10th March 2020
(Above) Cornice collapse observed here this morning – right of centre of the photo – with wet snow instability also an issue on these steep generally E facing crags. The skyline is at about 900m. Cooler conditions later in the day will have crisped up the upper reaches of these and similar places.
The Met Office provide us with remarkably accurate and detailed weather forecasts for each of the SAIS areas. Although they’re able to bring to bear HUGE computing power to weather modelling they still have issues with the exact track of shower activity. They’re occasionally candid enough to mention this in the info they send us – which is good – but it can leave us with a bit of uncertainty when formulating the avalanche forecast for the next day. Tomorrow is a case in point.

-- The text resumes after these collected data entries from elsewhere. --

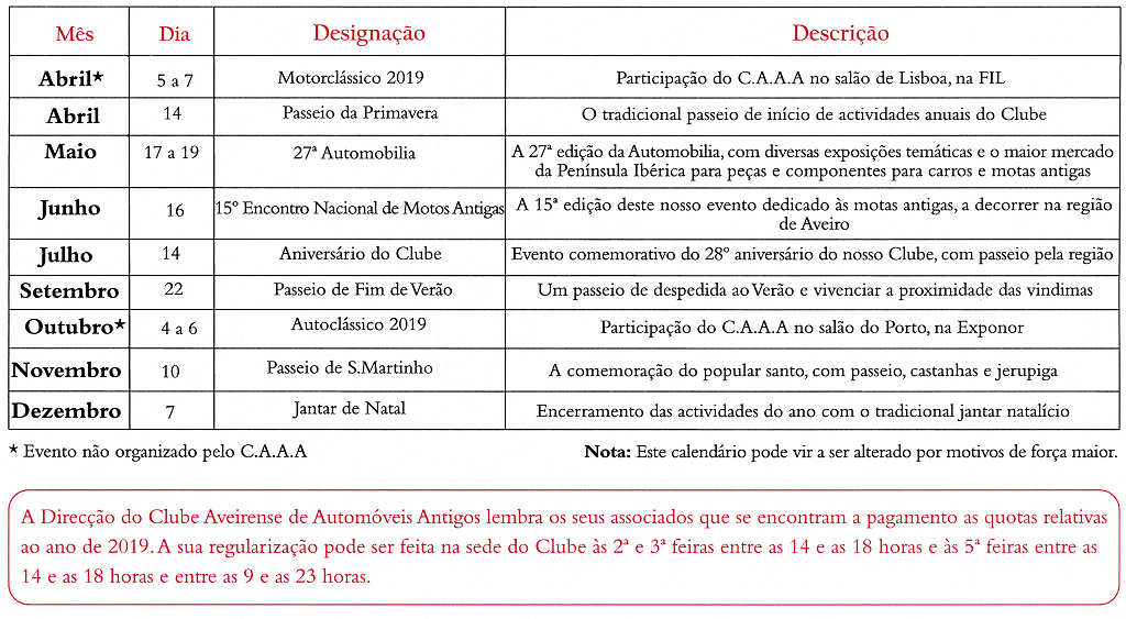 Calendário de Actividades 2019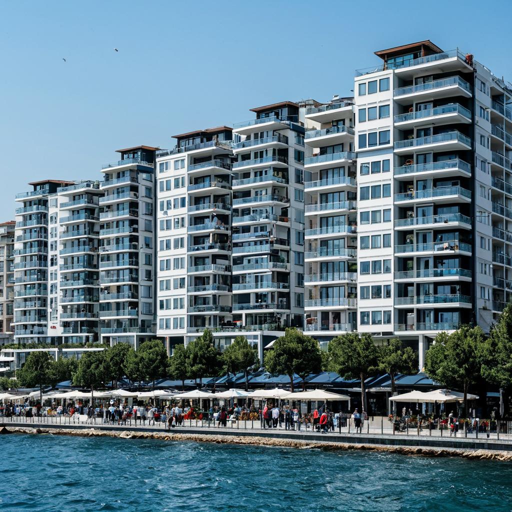 Peter Pan ultra realistic image of modern residential buildings on seaside of istanbul, total of 8 buildings with each having 5 storeys, maximum height of the buildings is 5 storeys, along the sea side of the compound there is a large shopping deck with green trees and various shops and cafes, people are walking on the shopping deck, day time photo with vivid blue sea and blue sky, white colors and used in buildings, use vivid colors and marine theme, 8k,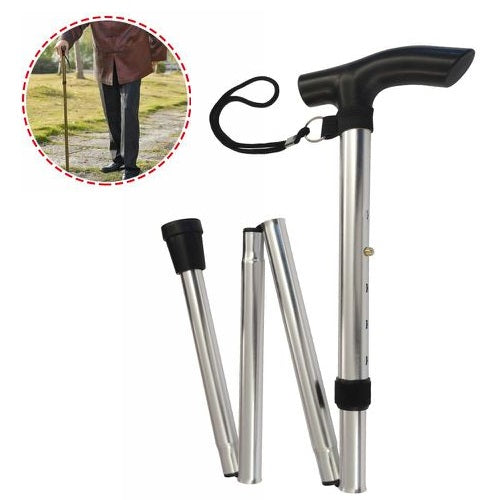 BASTONE PIEGHEVOLE PASSEGGIO PER ANZIANI DISABILI ALLUMINIO E ALTEZZA REGOLABILE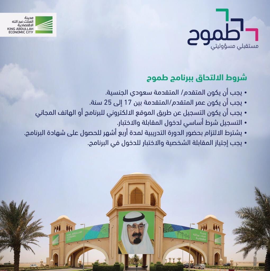 مدينة الملك عبدالله الاقتصادية Tren Twitter تبقى ١٠ أيام على انتهاء التسجيل لبرنامج طموح التدريبي سارع بالتسجيل Https T Co B9tyshkxia Kaec Https T Co Truylv8iiq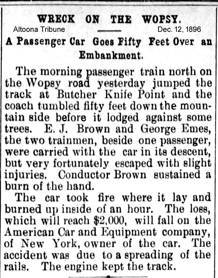 An article from Altoona Tribune, December 13, 1896 describes a wreck on the Wopsy line where a passenger car tumbled 50 feet down the slope with three people onboard, but no major injuries.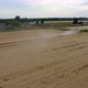 An aerial shot of a late-summer wheat harvest at sunset.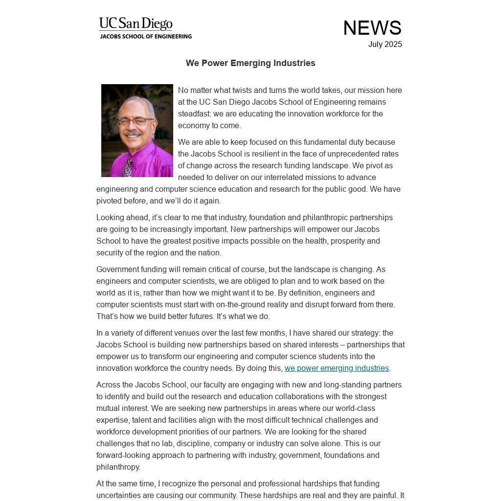 We are able to keep focused on this fundamental duty because the Jacobs School is resilient in the face of unprecedented rates of change across the research funding landscape. We pivot as needed to deliver on our interrelated missions to advance engineering and computer science education and research for the public good. We have pivoted before, and we’ll do it again.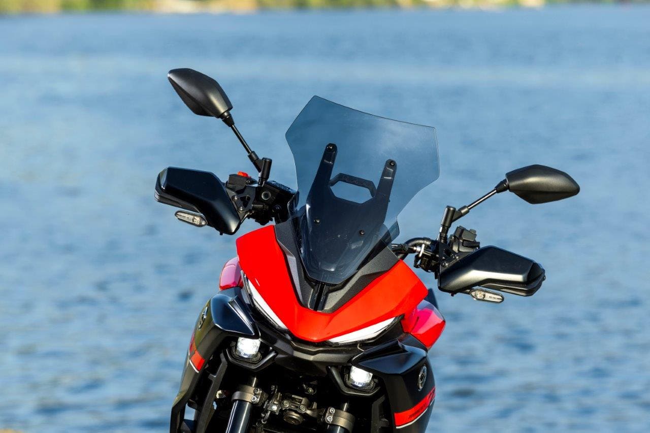 Wel klappert de ruit, die nu ook heel iets dikker is uitgevoerd, op de GT minder dan voorheen bij dergelijke snelheden. Beide ruitjes zijn met een handig verstelmechanisme in een handomdraai in hoogte te verstellen, ook tijdens het rijden, en bieden in de hoogste stand prima windbescherming. Wel is er dan met een rijder van 1.85 meter in het zadel enige turbulentie rond de helm voelbaar, maar dat verschilt vaak per persoon.
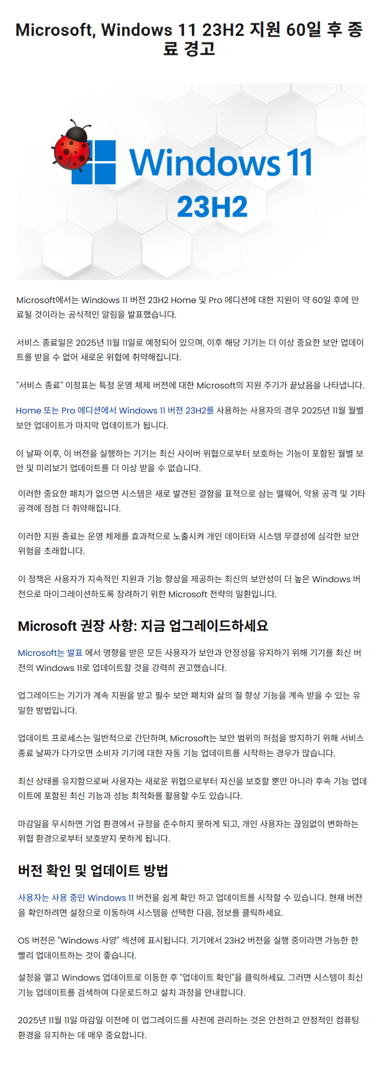 Microsoft, Windows 11 23H2 지원 60일 후 종료 경고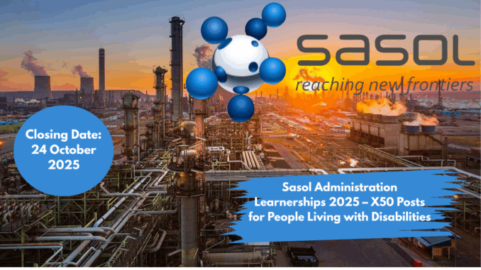 Apply for the Sasol Administration Learnership Programme 2025. Open to South African unemployed youth living with disabilities in Sandton, Sasolburg, and Secunda. 50 positions available. Gain admin skills, mentorship, and an NQF-aligned certificate. Closing Date: 24 October 2025.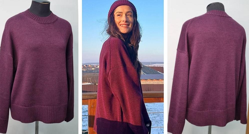 4. Японское плечо отлично смотрится на базовых фактурах: гладь, резинка, полуфанг. На узорных переплетениях может «потеряться» или исказить линии проймы и плеча.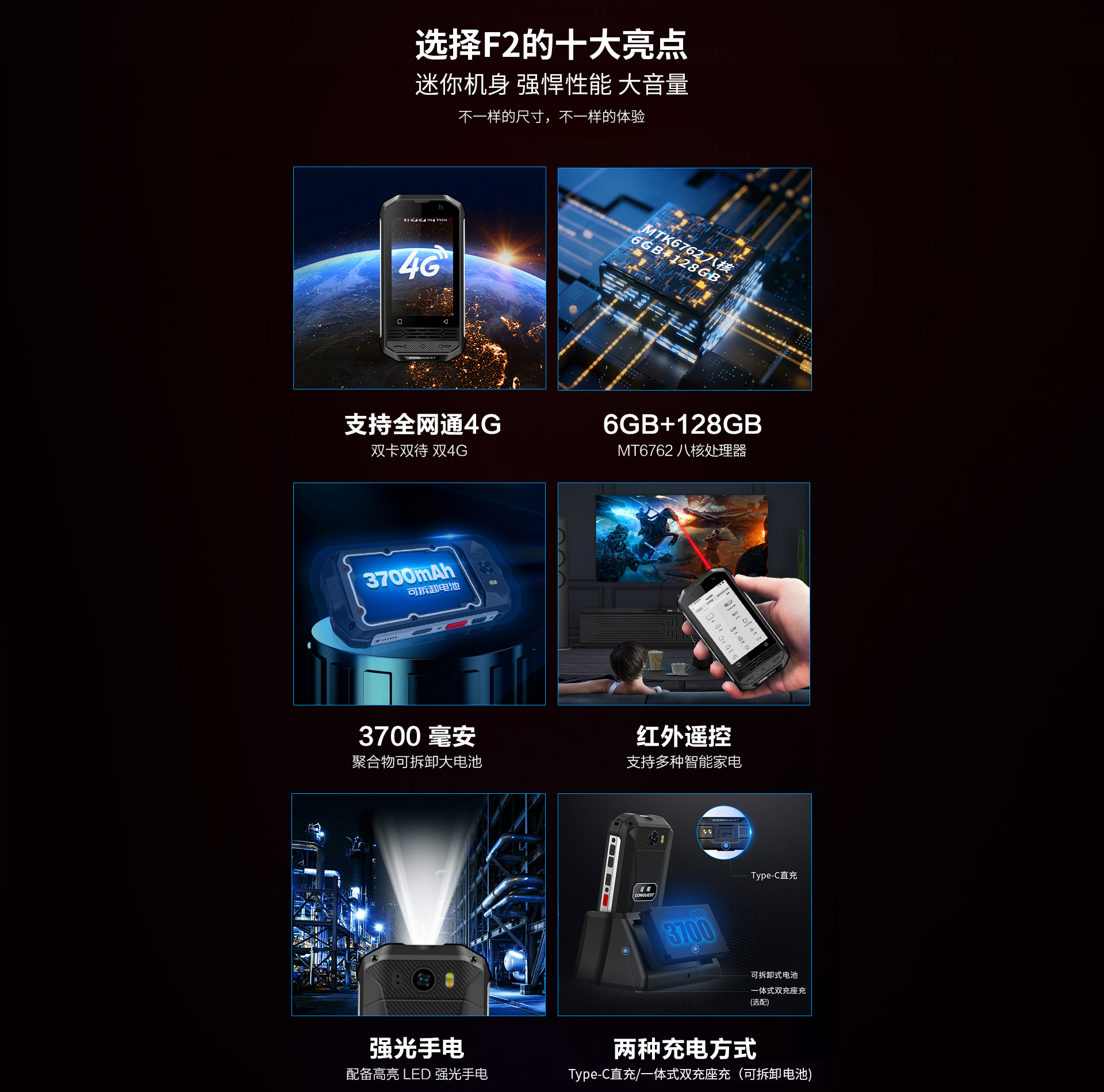 征服CONQUEST F2迷你三防智能手机升级配置:LED高亮强光手电、红外遥控、指南针、后1300万PDAF摄像头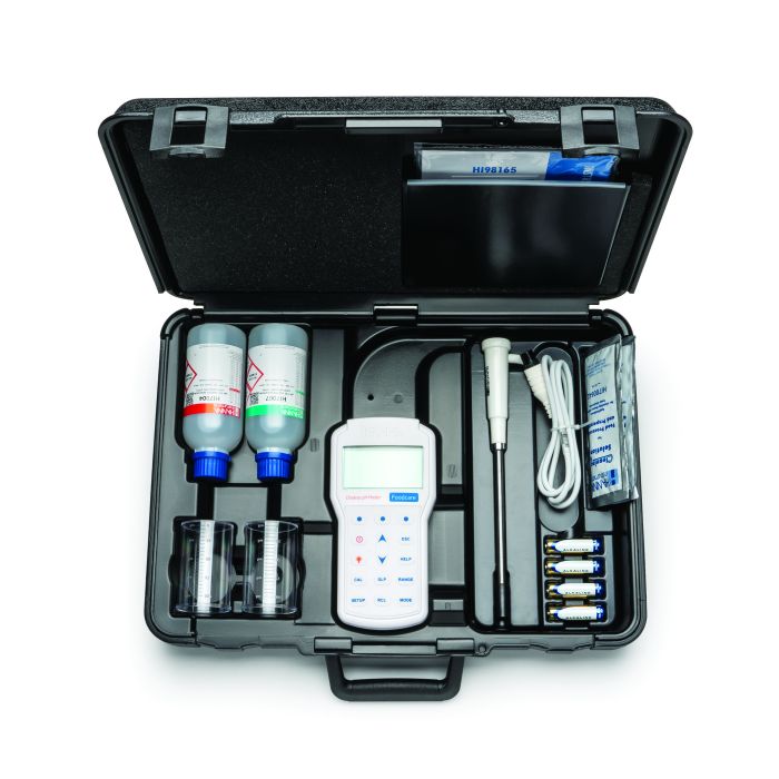 | Informations sur les commandes | HI98165 est fourni avec l’électrode de pH à corps PVDF FC2423, la solution tampon HI7004M pH 4.01 (230 mL), la solution tampon HI7007M pH 7.01 (230 mL), le sachet de solution de nettoyage d’électrode pour les résidus de fromage HI700642 (2), le bécher en plastique de 100 mL (2), les piles AA de 1,5 V (4), le logiciel HI92000 pour PC, le câble micro USB HI920015, le manuel d’instructions avec guide de démarrage rapide, le certificat de qualité de l’instrument et la mallette de transport rigide HI720165. |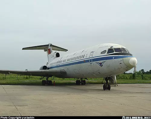 圖為民航退役的三叉戟。注意機翼與機腹幾乎在一個平面上,在野外不用起落架迫降,不可避免的要使機翼摩擦到地面,從而引燃機翼內的剩餘燃油。潘景寅不可能不知道帶油迫降是自尋死路。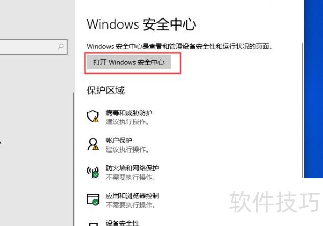 4、 在右侧栏目中选取打开Windows安全中心,如图所示: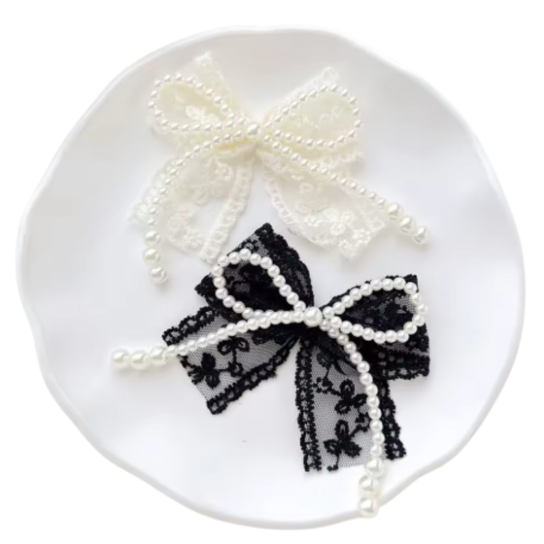 Zestaw ozdób do butów z koronką, perłami i kokardką (biała i czarna) – Stylowy Akcent do Twojego Obuwia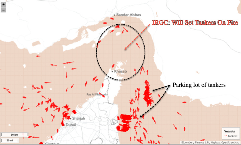 Last week, IRGC commanders threatened to burn any tanker which attempted to transit the vital waterway between the Persian Gulf and the Gulf of Oman.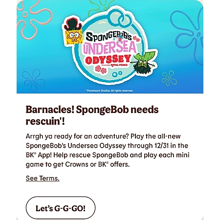 Burger King: SpongeBob's Undersea Odyssey, win crowns or BK offers

(Above) A screen shot of what might be termed ‘more organised’ precipitation approaching the Creag Meagaidh area, moving eastwards in this instance. If you look carefully you’ll be able to make out the distinctive shape of Coire Ardair and the Moy Coire inside the marked area. Precipitation in this format, often frontal in character, is considerably easier for the Met Office to forecast, including hour-by-hour timing and precipitation intensity.
(Above) Easier to make out the distinctive features of the SAIS Creag Meagaidh area in this image, including the elongated whaleback of the Carn Liath plateau, and Beinn a Chaorainn & Beinn Teallach. Radar screenshot of shower activity today, moving west to east. As you can see, shower activity is a bit ‘hit or miss’. You may get a lot or not very much at all. Estimating accurately the track of these unstable cells of moist and turbulent air is still a bit of a lottery for the Met Office forecasters. We had snow showers in tomorrow’s forecast for Creag Meagaidh along with a little cryptic note added by the duty forecaster, thus, ‘Winds/temperature graphs good guidance. Frequency and intensity of showers more uncertain.’
Bottom line for you guys is that if we get a fair amount of snow you may need to re-calibrate the avalanche forecast upwards. Or downwards, if we get less snow.